EX-99.CERT 11(a)(1)

                               REICH & TANG FUNDS
                   CODE OF ETHICS FOR PRINCIPAL EXECUTIVE AND
                            SENIOR FINANCIAL OFFICERS

I.      Covered Officers/Purpose of the Code

        This code of ethics (the "Code") applies to the Principal Executive
Officer and Principal Financial Officer (the "Covered Officers," each of whom
are set forth in Exhibit A) of the Reich & Tang Funds listed in Exhibit B (each
a "Fund" and collectively, the "Funds") for the purpose of promoting:

        o     honest and ethical conduct, including the ethical handling of
              actual or apparent conflicts of interest between personal and
              professional relationships;

        o     full, fair, accurate, timely and understandable disclosure in
              reports and documents that a registrant files with, or submits to,
              the Securities and Exchange Commission ("SEC") and in other
              public communications made by the Funds;

        o     compliance with applicable laws and governmental rules and
              regulations;

        o     the prompt internal reporting of violations of the Code to an
              appropriate person or persons identified in the Code; and

        o     accountability for adherence to the Code.

        Each Covered Officer should adhere to a high standard of business ethics
and should be sensitive to situations that may give rise to actual as well as
apparent conflicts of interest.

II.     Covered Officers Should Handle Ethically Actual and Apparent Conflicts
        of Interest

        Overview.  A "conflict of interest" occurs when a Covered Officer's
private interest interferes with the interests of, or his service to, a Fund.
For example, a conflict of interest would arise if a Covered Officer, or a
member of his family, receives improper personal benefits as a result of his
position with the Fund.

        Certain conflicts of interest arise out of the relationships between
Covered Officers and the Funds and already are subject to conflict of interest
provisions in the Investment Company Act of 1940 ("Investment Company Act") and
the Investment Advisers Act of 1940 ("Investment Advisers Act"). For example,
Covered Officers may not individually engage in certain transactions (such as
the purchase or sale of securities or other property) with the Funds because of
their status as "affiliated persons" of the Funds. The Funds' and the investment
adviser's compliance programs and procedures are designed to prevent, or
identify and correct, violations of these provisions. This Code does not, and is
not intended to, repeat or replace these programs and procedures, and such
conflicts fall outside of the parameters of this Code.

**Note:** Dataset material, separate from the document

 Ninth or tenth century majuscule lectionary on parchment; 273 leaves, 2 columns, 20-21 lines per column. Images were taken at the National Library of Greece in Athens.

        Although typically not presenting an opportunity for improper personal
benefit, conflicts arise from, or as a result of, the contractual relationship
between the Funds and the investment

adviser, of which the Covered Officers are also officers or employees. As a
result, this Code recognizes that the Covered Officers will, in the normal
course of their duties (whether formally for the Funds or for the adviser, or
for both), be involved in establishing policies and implementing decisions that
will have different effects on the adviser and the Funds. The participation of
the Covered Officers in such activities is inherent in the contractual
relationship between the Funds and the adviser and is consistent with the
performance by the Covered Officers of their duties as officers of the Funds.
Thus, if performed in conformity with the provisions of the Investment Company
Act and the Investment Advisers Act, such activities will be deemed to have been
handled ethically. In addition, it is recognized by the Funds' Boards of
Directors/Trustees (the "Boards") that the Covered Officers may also be officers
of one or more other investment companies covered by this or other codes.

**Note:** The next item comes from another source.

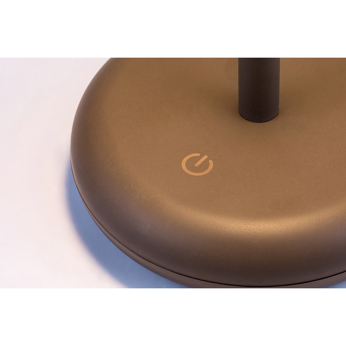 Vonkajšia dekoratívna lampa Konin v modernom štýle je vďaka svojmu príjemnému a útulnému vzhľadu skvelou voľbou na terasu alebo do záhrady. Model karamelovej farby je vyrobený z kovu s priehľadným plastovým tienidlom a je doplnený okrúhlou ozdobnou základňou rovnakej veľkosti ako hlava lampy.Lampa má zabudovaný LED svetelný zdroj s výkonom 6 W, svietivosťou 60 lúmenov s tienidlom a 160 lúmenov bez tienidla a životnosťou 25 000 hodín. Svetelný zdroj s farebnou teplotou 3000 K vyžaruje teplé biele svetlo. Svietidlo je možné stmievať pomocou dotykového spínača, tj meniť jeho jas. Má tiež dotykový spínač s nastaviteľnou pamäťovou funkciou a je možné ho nabíjať pomocou USB kábla. Čas nabíjania je 4 hodiny a prevádzková doba je 5 – 6 hodín. Batéria má napätie 3,7 V a kapacitu 1800 mAh.Konin má výšku 260 mm, priemer 110 mm a montážny priemer 110 mm. Lampa má krytie IP44, ktoré zaručuje ochranu proti vniknutiu pevných predmetov väčších ako 1 mm a proti striekajúcej vode z akéhokoľvek smeru. Ideálny rozsah pracovných teplôt je -10 – 45 °C.

        Other conflicts of interest are covered by the Code, even if such
conflicts of interest are not subject to provisions in the Investment Company
Act and the Investment Advisers Act. The following list provides examples of
conflicts of interest under the Code, but Covered Officers should keep in mind
that these examples are not exhaustive. The overarching principle is that the
personal interest of a Covered Officer should not be placed improperly before
the interest of a Fund.

                                     * * * *

              Each Covered Officer must:

        o     not use his personal influence or personal relationships
              improperly to influence investment decisions or financial
              reporting by the Fund whereby the Covered Officer would benefit
              personally to the detriment of the Fund;

        o     not cause the Fund to take action, or fail to take action, for the
              individual personal benefit of the Covered Officer rather than
              the benefit of the Fund; and

        o     not use material non-public knowledge of portfolio transactions
              made or contemplated for the Fund to trade personally or cause
              others to trade personally in contemplation of the market effect
              of such transactions.

        There are some potential conflict of interest situations that should be
discussed with Fund counsel in order to determine whether these situations pose
a material risk of causing detriment to the Funds.  Examples of these include:

        o     service as a director on the board of any public or private
              company;

        o     the receipt of any non-nominal gifts from any company with which a
              Fund has current or prospective business dealings, to the extent
              the situation is not addressed by a Fund's 17j-1 Code of Ethics or
              the investment adviser's Code of Ethics;

        o     the receipt of any entertainment from any company with which a
              Fund has current or prospective business dealings unless such
              entertainment is business-related, reasonable in cost,
              appropriate as to time and place, and not so frequent as to raise

              any question of impropriety, to the extent the situation is not
              addressed by a Fund's 17j-1 Code of Ethics or the investment
              adviser's Code of Ethics;

        o     any ownership interest in, or any consulting or employment
              relationship with, any of the Funds' service providers, other
              than its investment adviser, principal underwriter, administrator
              or any affiliated person thereof; and

        o     a direct or indirect financial interest in commissions,
              transaction charges or spreads paid by the Funds for effecting
              portfolio transactions or for selling or redeeming shares other
              than an interest arising from the Covered Officer's employment,
              such as compensation or equity ownership.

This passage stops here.